Having mature women flirt with me is … not that difficult. Yeah, I actually like that part. What funeral director doesn’t mind the occasional, “If I was 40 years younger” comment?

Four. Tragic deaths

These are the kind of deaths that come home with us.   You just can’t help it. There’s not a funeral director that isn’t affected by the death of a child, the car accident, the overdose or the suicide.

Five.  Transference

Some people have major problems and baggage that get fanned to flame by grief and bereavement. Often times, they take their problems, their anger, their frustration and instead of dealing with their grief and bereavement, they take it out on us. If you’ve been in the business long enough, you know not to take it personally, but it’s nonetheless difficult to take a capricious verbal lashing for no apparent reason other than transference.

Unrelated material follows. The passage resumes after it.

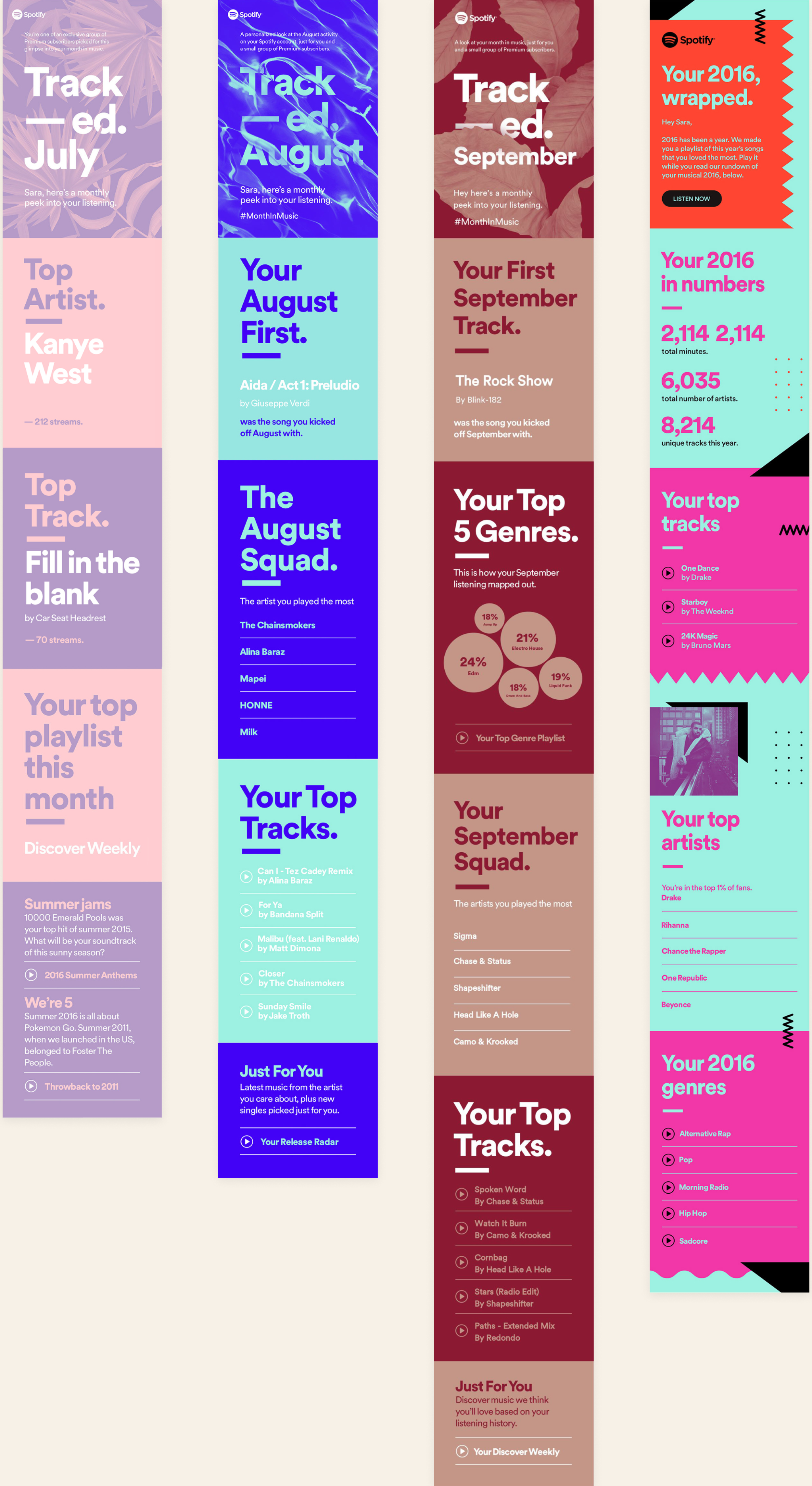 Tracked was a serialized lifecycle email series that transformed monthly listening data into narrative. I built a flexible system that balanced automation with emotion across a three-month pilot, laying groundwork for what would later become Spotify Wrapped.

Six. Morticians not Magicians

There are some faces that we can’t restore.

Some bodies that are too far gone.

Sometimes it’s nearly impossible to make the dead look alive.

Sometimes, the process of securing a doctor’s signature, getting cremation approval from the county and the line up at the crematory means we can have everything finished in the time you want it to be.

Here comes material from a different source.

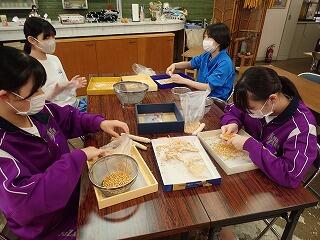 ポップコーン作りを行いました。収穫して室内に干しておいたもろこしを各自が選び、コーンの粒を実から外すところから始めました。粒の小さいものや傷のある粒、ゴミなどを取り除くのが大変でした。取ったコーンの粒で早速ポップコーン作りを行いました。焦げないように加熱し、塩味を付けて完成。とてもおいしくできあがりました。

I wish we had a magic wand, but there are things we can’t do. Wishing we could, but knowing we can’t isn’t an easy idea for you to accept, but it’s even more difficult for us to accept as we like to think we’re more capable than we really are.

Seven. The Night Calls

There’s no amount of coffee that can compensate for the lack of sleep caused by a 2 AM night call.

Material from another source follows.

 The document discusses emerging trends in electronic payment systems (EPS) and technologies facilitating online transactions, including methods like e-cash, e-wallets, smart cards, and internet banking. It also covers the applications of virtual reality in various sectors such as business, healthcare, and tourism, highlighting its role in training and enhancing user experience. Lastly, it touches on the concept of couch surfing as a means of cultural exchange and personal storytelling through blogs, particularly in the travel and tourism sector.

Eight. Meeting Our Own Demons

There are certain things in life, like marriage, or our kids, that have a tendency to summon our hidden demons. I’ve often said that I was a great person before I got married and then I saw just how selfish and prideful I really am. Death and the funeral industry can have a similar effect. Death culture is like the refining of gold; all of our impurities, our stress, our own anxiety, and our pride can come seeping out in the heat of the moment. But that very heat, while revealing our difficult demons, can also purify us and make us more beautiful.

Nine.   Dress clothing

I like nice suits and I’m an absolute shoe addict, but wearing a suit on a sweltering mid-summer Pennsylvania day is an exquisite form of torture.  I don’t believe in hell, but wearing a black suit in 100-degree weather is pretty damn close.

Ten.  Personal Relationship Strain

I suppose every friend will disappoint you once in a while; but funeral directors will probably do it more often. We might miss your birthday party, we might have to leave in the middle of dinner.

Death has this way of keeping an untimely schedule. And as death’s minions, we’re tied to that schedule. Whether it be in the middle of the night, or in the middle of your wedding, when death calls, we have to respond.  That respond-ability marks having a personal relationship with us somewhat difficult.